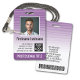 Purple and White - A modern business design that highlights your office logos and employee name. This trendy office design also includes a badge ID number, expiration date and nurse or or other title.
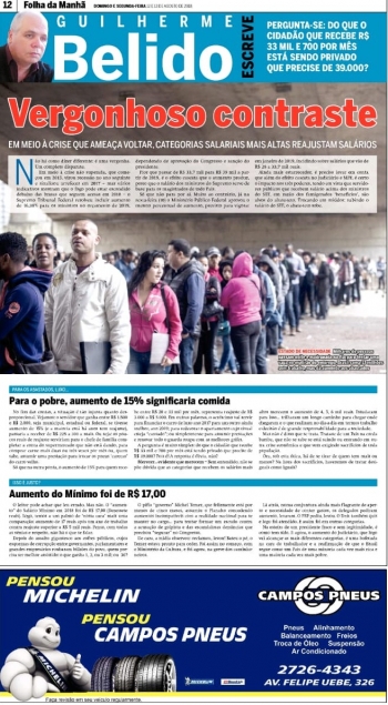 No fim das contas, a situação é tão injusta quanto desproporcional. Vejamos: o servidor que ganha entre R$ 1.500 e R$ 2.000, seja municipal, estadual ou federal, se tivesse aumento de 15% (e a maioria está há anos sem reajuste), passaria a receber de R$ 225 a 300 a mais. Ou seja: os poucos reais de reajuste serviriam para o chefe de família completar a conta do supermercado que não está dando, para comprar carne mais duas ou três vezes por mês ou, quem sabe, assumir uma prestação para trocar os pneus ‘carecas’ do carro velho.
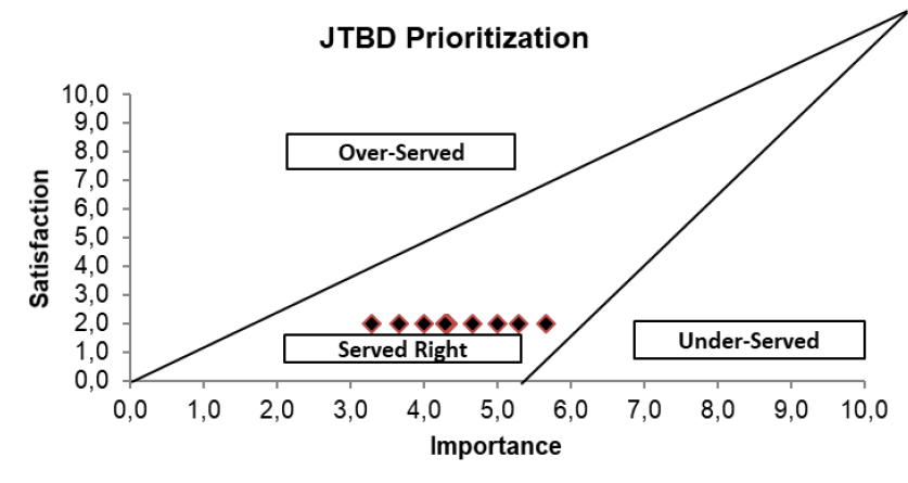 Figura 1. Priorización de los JTBD. Elaboración con base en la metodología Job Prioritization
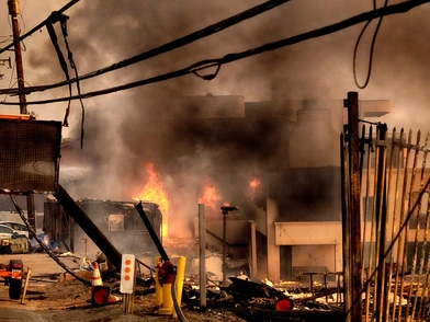 Τηλεοπτικά πλάνα δείχνουν αστυνομικούς να περιπολούν και να ζητούν από κατοίκους να φύγουν. Ελικόπτερα και αεροσκάφη έκαναν συνεχείς ρίψεις νερού στις φλόγες για να τις περιορίσουν, ενώ επιχειρούσαν επίσης μέλη του πυροσβεστικού σώματος στο έδαφος.
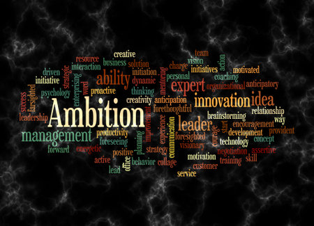 Word Cloud with AMBITION concept create with text only.
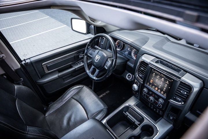 Onder de kap ligt de krachtige V8 die zorgt voor serieus vermogen en dat typische Amerikaanse geluid. In combinatie met de automatische transmissie rijdt deze Ram soepel, sterk en relaxed, of je nu door de stad rijdt of lange afstanden maakt.
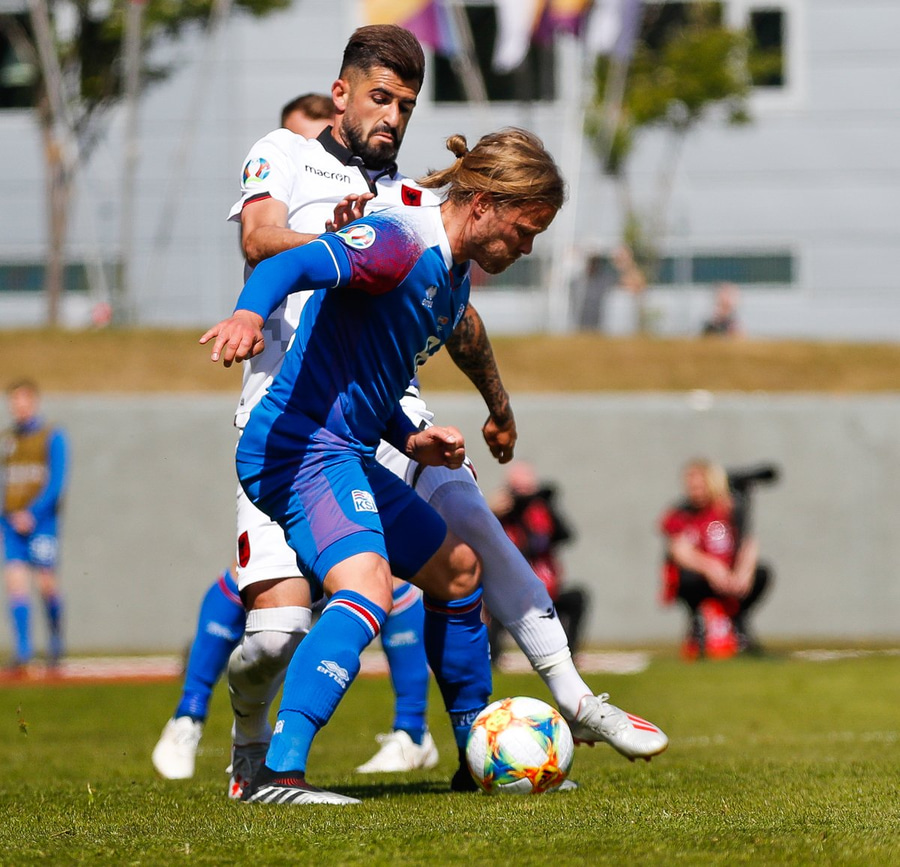 Viðar gerir hér mjög vel gegn þremur Albönum og sendir hann á Rúnar sem að er við það að sleppa í gegn en fyrsta snertingin svíkur hann og sóknin rennur út í sandinn.
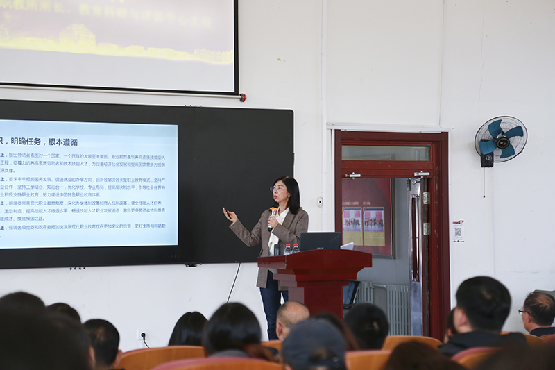 10月20日,应学校邀请,辽宁教育学院教育科研与评估中心副主任高红梅研究员在北校区主楼一楼报告厅作题为“以优质课题研究 赋能职业院校教师专业成长”的专题学术报告。董事长文秋、党委书记洪儒、党委副书记蔡红武、副校长孟庆男、时力华、张波、陈卓、车龙浩、袁久文、洪子玉以及相关部门领导和全体教师参加了报告会,报告会由科研处处长刘连利主持。
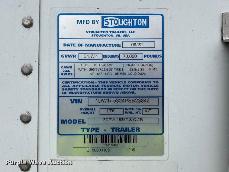 2023 Stoughton ZGPVW-535T-S-C-AR dry van trailer
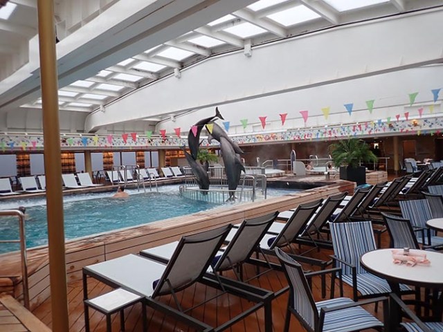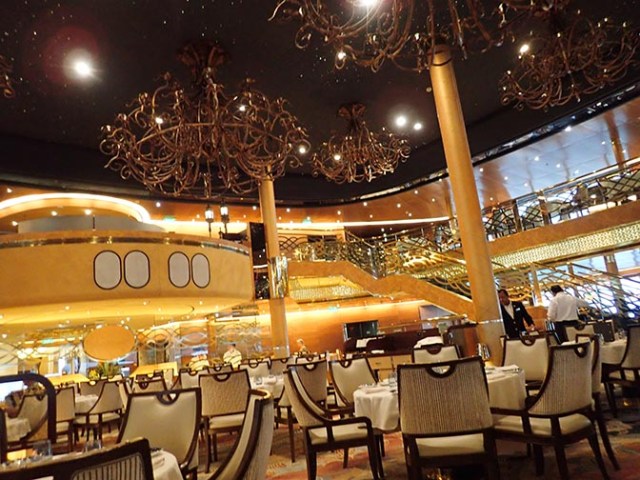 Ship’s décor is a music theme and they do have several venues onboard for listening to live music as well as a variety of different instruments on display in public areas. Other entertainment includes shows, movies, lectures, and games. Food included in the cruise price is found in the dining room, buffet or poolside grill and taco bar. For an extra charge steak and seafood is available at the ship’s upscale restaurant, the Pinnacle Grill or Italian food at Canaletto. There are of course a number of bars to be found around the ship as well, and coffee bars in the Explorations Cafe on deck 5 and in the Crow’s Nest on deck 9.
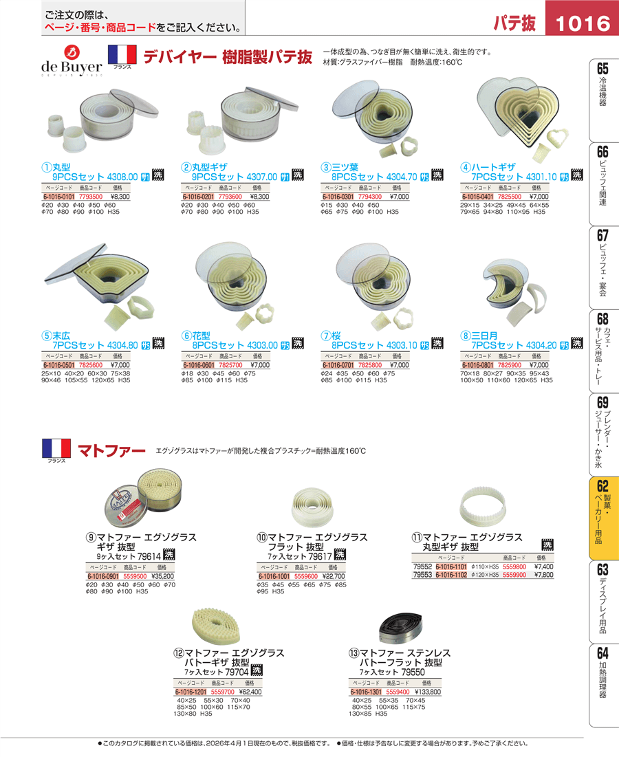 | e26-5559400 | マトファー ステンレス バトーフラット 抜型 7ヶ入セット 79550 | 上代 133,800円(税抜) 見積 | ||
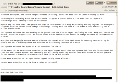 28 марта - Еще одна спам-рассылка от имени Красного КрестаЕще одна волна фальшивых сообщений от имени Красного Креста (на этот раз якобы отправленных из филиала в Японии) с просьбами о пожертвованиях.
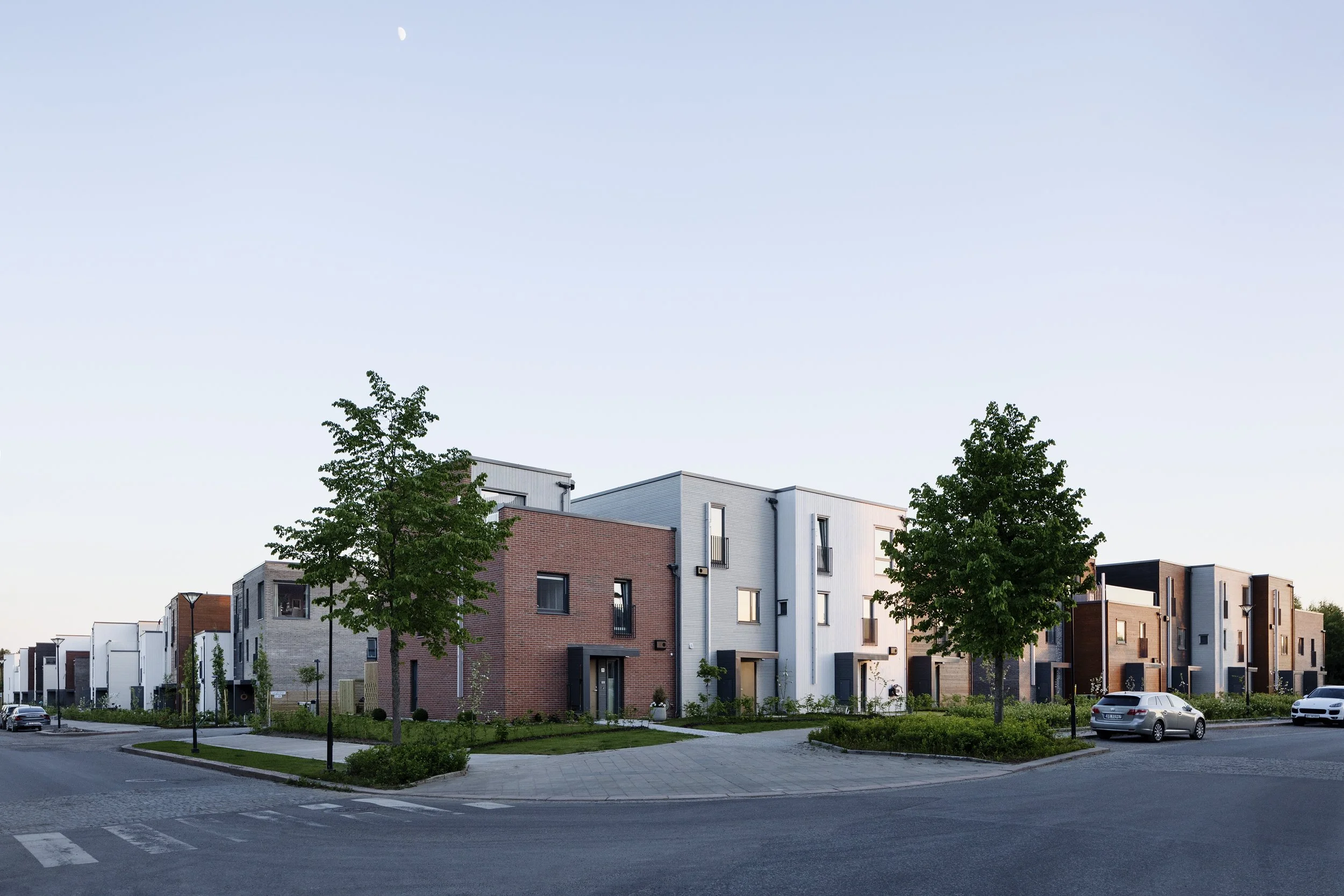 Seventy-seven row-houses are distributed over a 16 800 square meter property in Jessheim, and offers a total of 11 000 square meters of living area. The original zoning plan for this area involved medium-rises with apartments and street parking.
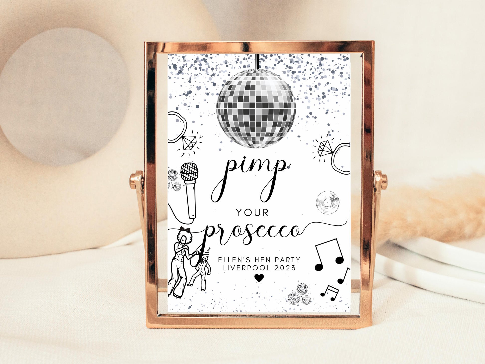 Pimp Your Prosecco Station Sign/ Personalised Silver Disco Ball Hen Party/ Drinks Alcohol Cocktail Bridal Shower/ Silver Last Disco Poster

•••••

**Problem to solve:** Starting with the first line of the material, print each line exactly until you have printed the line with "Figura 1. Priorización", and skip the pictures.

**Answer box:**
 Purple and White - A modern business design that highlights your office logos and employee name. This trendy office design also includes a badge ID number, expiration date and nurse or or other title.
 No fim das contas, a situação é tão injusta quanto desproporcional. Vejamos: o servidor que ganha entre R$ 1.500 e R$ 2.000, seja municipal, estadual ou federal, se tivesse aumento de 15% (e a maioria está há anos sem reajuste), passaria a receber de R$ 225 a 300 a mais. Ou seja: os poucos reais de reajuste serviriam para o chefe de família completar a conta do supermercado que não está dando, para comprar carne mais duas ou três vezes por mês ou, quem sabe, assumir uma prestação para trocar os pneus ‘carecas’ do carro velho.
 Figura 1. Priorización de los JTBD. Elaboración con base en la metodología Job Prioritization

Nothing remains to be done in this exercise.